══ Material to process
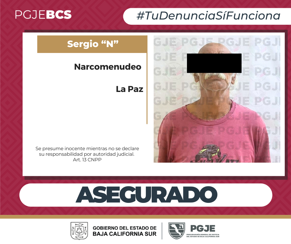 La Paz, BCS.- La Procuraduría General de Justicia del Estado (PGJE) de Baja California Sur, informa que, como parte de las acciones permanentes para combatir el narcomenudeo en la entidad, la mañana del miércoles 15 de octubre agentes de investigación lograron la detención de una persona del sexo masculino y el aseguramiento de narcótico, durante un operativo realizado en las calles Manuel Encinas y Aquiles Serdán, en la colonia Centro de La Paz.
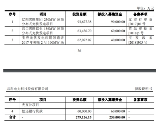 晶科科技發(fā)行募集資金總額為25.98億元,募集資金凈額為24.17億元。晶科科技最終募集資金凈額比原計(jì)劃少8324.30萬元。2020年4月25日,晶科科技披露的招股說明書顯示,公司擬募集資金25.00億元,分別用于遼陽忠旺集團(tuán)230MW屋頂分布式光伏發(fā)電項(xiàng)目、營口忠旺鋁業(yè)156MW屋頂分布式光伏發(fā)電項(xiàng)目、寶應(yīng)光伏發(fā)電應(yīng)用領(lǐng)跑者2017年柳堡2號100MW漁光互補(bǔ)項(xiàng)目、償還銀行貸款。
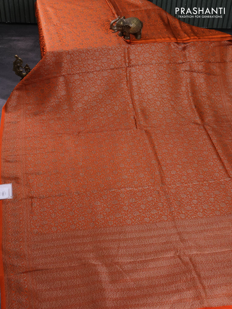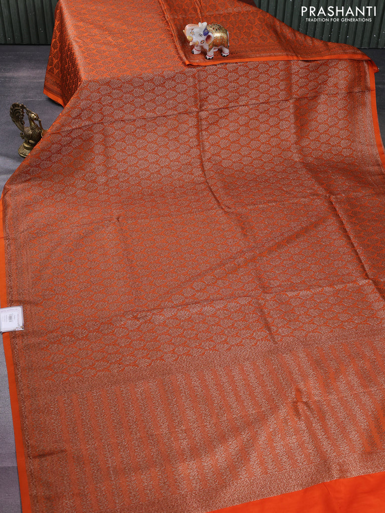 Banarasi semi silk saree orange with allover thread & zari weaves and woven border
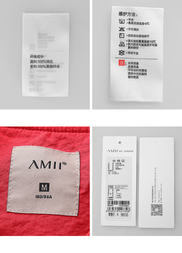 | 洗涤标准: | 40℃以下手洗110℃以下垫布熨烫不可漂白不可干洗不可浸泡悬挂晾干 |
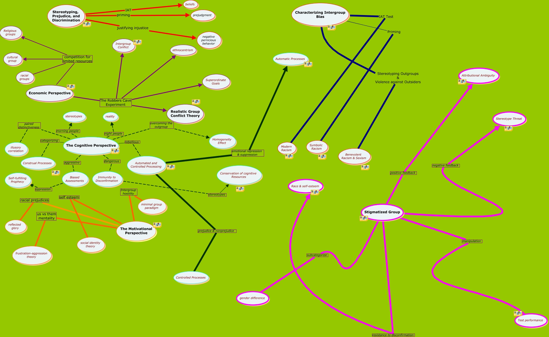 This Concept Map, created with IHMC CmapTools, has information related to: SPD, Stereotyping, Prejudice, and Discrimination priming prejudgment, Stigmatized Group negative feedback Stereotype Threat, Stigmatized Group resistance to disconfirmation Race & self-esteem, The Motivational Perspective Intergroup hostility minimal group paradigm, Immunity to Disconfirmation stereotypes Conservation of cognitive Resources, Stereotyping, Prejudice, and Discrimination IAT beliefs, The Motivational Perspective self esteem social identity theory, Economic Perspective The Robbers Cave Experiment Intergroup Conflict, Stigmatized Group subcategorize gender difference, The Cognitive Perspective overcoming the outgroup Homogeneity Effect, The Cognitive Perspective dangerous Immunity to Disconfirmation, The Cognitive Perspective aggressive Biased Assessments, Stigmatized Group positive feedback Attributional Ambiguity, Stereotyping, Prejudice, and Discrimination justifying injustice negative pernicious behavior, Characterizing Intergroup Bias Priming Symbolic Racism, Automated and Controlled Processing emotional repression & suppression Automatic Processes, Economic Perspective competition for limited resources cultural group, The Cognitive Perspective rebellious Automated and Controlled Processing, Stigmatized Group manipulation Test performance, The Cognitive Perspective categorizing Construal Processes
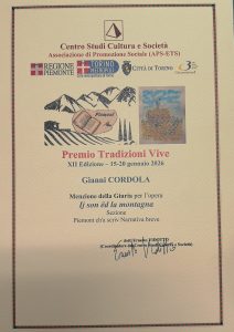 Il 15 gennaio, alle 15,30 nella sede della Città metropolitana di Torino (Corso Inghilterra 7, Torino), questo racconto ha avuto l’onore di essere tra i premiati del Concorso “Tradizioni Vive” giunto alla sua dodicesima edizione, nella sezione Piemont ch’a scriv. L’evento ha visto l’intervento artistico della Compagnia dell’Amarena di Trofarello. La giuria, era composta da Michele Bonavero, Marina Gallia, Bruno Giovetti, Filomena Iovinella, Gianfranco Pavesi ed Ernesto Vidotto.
════
> **Your instructions**: Taking the entries above, copy word for word the lines from the one with "Banarasi semi silk" up to and including the one with "洗涤标准: | 40℃以下手洗110℃以下垫布熨烫不可漂白不可干洗不可浸泡悬挂晾干 |", without any picture.

> **Task solution**:
 Banarasi semi silk saree orange with allover thread & zari weaves and woven border
 | 洗涤标准: | 40℃以下手洗110℃以下垫布熨烫不可漂白不可干洗不可浸泡悬挂晾干 |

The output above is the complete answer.